9. Pro-rata Conversion and Redemption. In the event the Company receives a Conversion Notice from more than one holder of Series A Preferred Stock on the same day and the Company can convert and redeem some, but not all, of the Series A Preferred Stock pursuant to Section 8, the Company shall convert and redeem from each holder of Series A Preferred Stock electing to have Series A Preferred Stock converted and redeemed at such time an amount equal to such holder's pro-rata amount (based on the number shares of Series A Preferred Stock held by such holder relative to the number shares of Series A Preferred Stock outstanding) of all shares of Series A Preferred Stock being converted and redeemed at such time.
10. Vote to Change the Terms of or Issue Preferred Stock. The affirmative vote at a meeting duly called for such purpose or the written consent without a meeting, of the holders of not less than a majority of the then outstanding shares of Series A Preferred Stock, shall be required (a) for any change to this Certificate of Designation or the Company’s Certificate of Incorporation that would amend, alter, change or repeal any of the powers, designations, preferences and rights of the Series A Preferred Stock or (b) for the issuance of shares of Series A Preferred Stock other than pursuant to the Purchase Agreement. The provisions hereof may be waived on behalf of all the Holders if in writing and signed by the Holders of not less than a majority of the then outstanding shares of Series A Preferred Stock.

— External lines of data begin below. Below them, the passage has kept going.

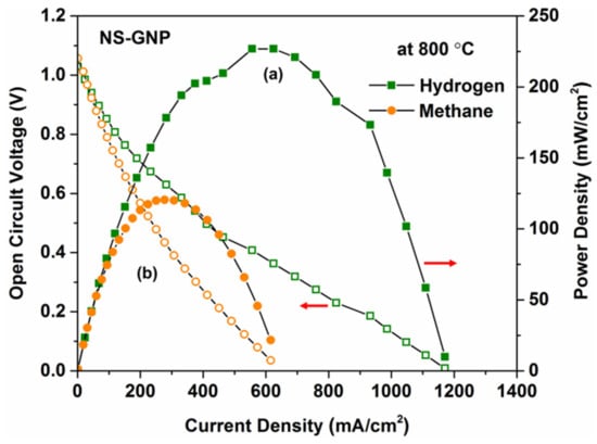 The cross-section microstructure of a single cell with the configuration of NS-GNP|YSZ|LSCF is shown in Figure 2a,c. The NS-GNP anode layer is approximately 30 μm thick and adheres well to the YSZ electrolyte substrate, and the thickness of the porous LSCF cathode layer is approximately 10 μm. The YSZ electrolyte substrate is approximately 260 μm thick. The FESEM images demonstrated that the anode microstructure is porous and the well-connected pores are evident. To evaluate the electrochemical performance of NS-GNP cermet anode, the electrolyte-supported cells were tested using humidified H2 and CH4 as the fuel and air as the oxidant at intermediate temperature of 600 °C–800 °C. The cell voltages (V) and the corresponding power densities (P) as the function of current density (I) were measured at 800 °C (Figure 11). The open circuit voltage (OCV) decreased as the operating increased from 600 to 800 °C for both H2 and CH4 fuels. This can be attributed to a trace of gas leakage through the electrolyte or cell []. However, the overall OCV value for the cell under H2 and CH4 are close or even higher than the reported values (Table 3). This finding suggests that the YSZ electrolyte does not experience mixed electronic and ion conduction under reducing atmosphere and prevents any internal loss of performance. Therefore, the OCVs of the SOFC with YSZ electrolyte are usually superior to those of SDC electrolyte-supported SOFCs.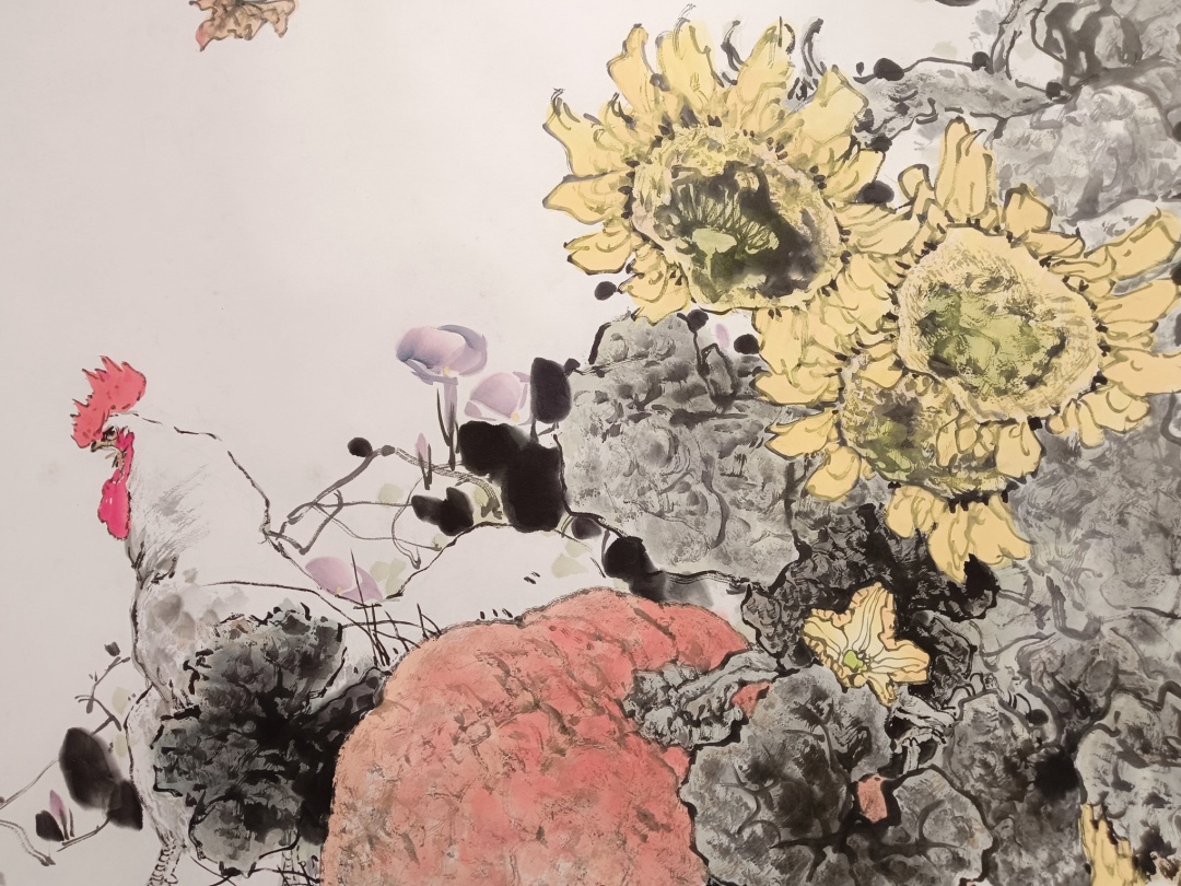 雄鸡之身,以淡墨晕染,红冠、红喙以浓朱砂点染,墨线勾勒羽毛肌理,姿态昂首挺立,生动呈现出其英气与灵动!向日葵以明黄花瓣层层晕染,花盘以石青、墨色勾点,形态饱满向阳,象征“向阳而生、欣欣向荣”,与白鸡形成动静呼应。以朱红、赭石没骨泼染的金瓜,表皮纹理以枯笔勾勒,形态圆硕饱满,寓意“丰收富足、圆满吉祥”,以浓墨、焦墨皴染山石,纹理苍劲嶙峋;紫色草花、瓜叶以淡彩点染,穿插其间,平衡画面色彩,增添自然野趣。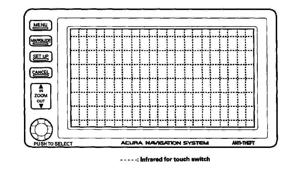 The display unit uses liquid crystal display (LCD). The LCD is a six-inch-wide, Thin Film Transistor (TFT), stripe type with 220,000 picture elements. The color film and fluorescent light are laid out on the back of the liquid crystal film. The touch sensor on the front of the LCD is an infrared type with nine vertical and nine horizontal infrared rays to produce 81 sensing points. The display unit transmits the signal from each operation key and the touch switches to the navigation unit.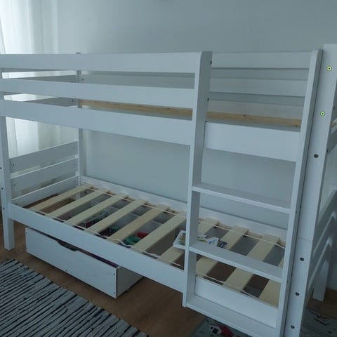 Myynnissä 2 vuotta sitten uutena ostettu Nukkumatti kerrossänky 80x200cm + sängynaluslaatikko + 2x 80x200cm patjat.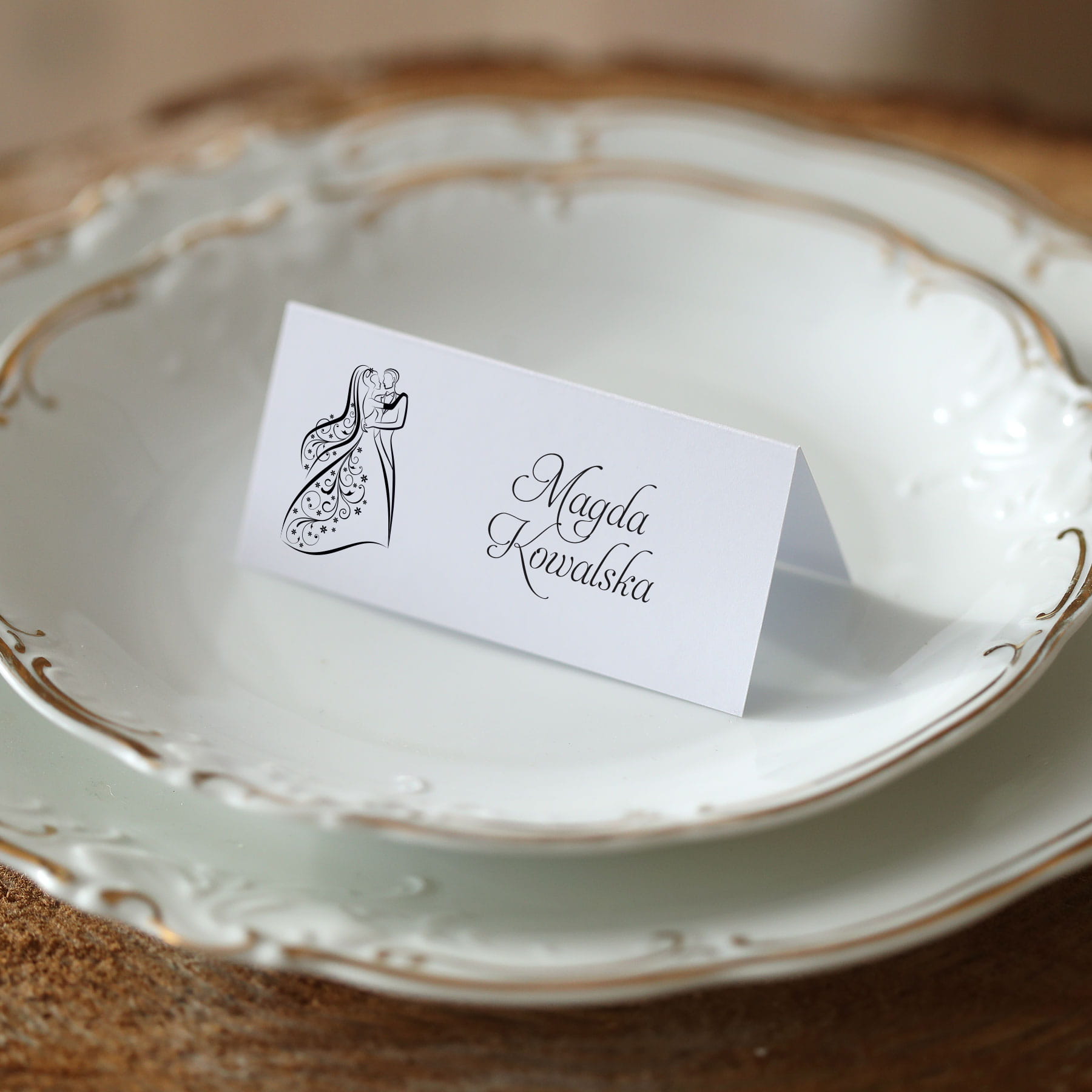 Piękne winietki z ozdobnym obrazkiem pary młodej na Twój stół

11. Lost or Stolen Certificates. Upon receipt by the Company of evidence satisfactory to the Company of the loss, theft, destruction or mutilation of any Preferred Stock Certificates representing the shares of Series A Preferred Stock, and, in the case of loss, theft or destruction, of any indemnification undertaking by the holder to the Company and, in the case of mutilation, upon surrender and cancellation of the Preferred Stock Certificate(s), the Company shall execute and deliver new preferred stock certificate(s) of like tenor and date.
12. Remedies, Characterizations, Other Obligations, Breaches and Injunctive Relief. The remedies provided in this Certificate of Designation shall be cumulative and in addition to all other remedies available under this Certificate of Designation, at law or in equity (including a decree of specific performance and/or other injunctive relief), no remedy contained herein shall be deemed a waiver of compliance with the provisions giving rise to such remedy and nothing herein shall limit a holder's right to pursue actual damages for any failure by the Company to comply with the terms of this Certificate of Designation. Amounts set forth or provided for herein with respect to payments, conversion and the like (and the computation thereof) shall be the amounts to be received by the holder thereof and shall not, except as expressly provided herein, be subject to any other obligation of the Company (or the performance thereof). The Company acknowledges that a breach by it of its obligations hereunder will cause irreparable harm to the holders of the Series A Preferred Stock and that the remedy at law for any such breach may be inadequate. The Company therefore agrees that, in the event of any such breach or threatened breach, the holders of the Series A Preferred Stock shall be entitled, in addition to all other available remedies, to an injunction restraining any breach, without the necessity of showing economic loss and without any bond or other security being required.
13. Failure or Indulgence Not Waiver. No failure or delay on the part of a holder of Series A Preferred Stock in the exercise of any power, right or privilege hereunder shall operate as a waiver thereof, nor shall any single or partial exercise of any such power, right or privilege preclude other or further exercise thereof or of any other right, power or privilege.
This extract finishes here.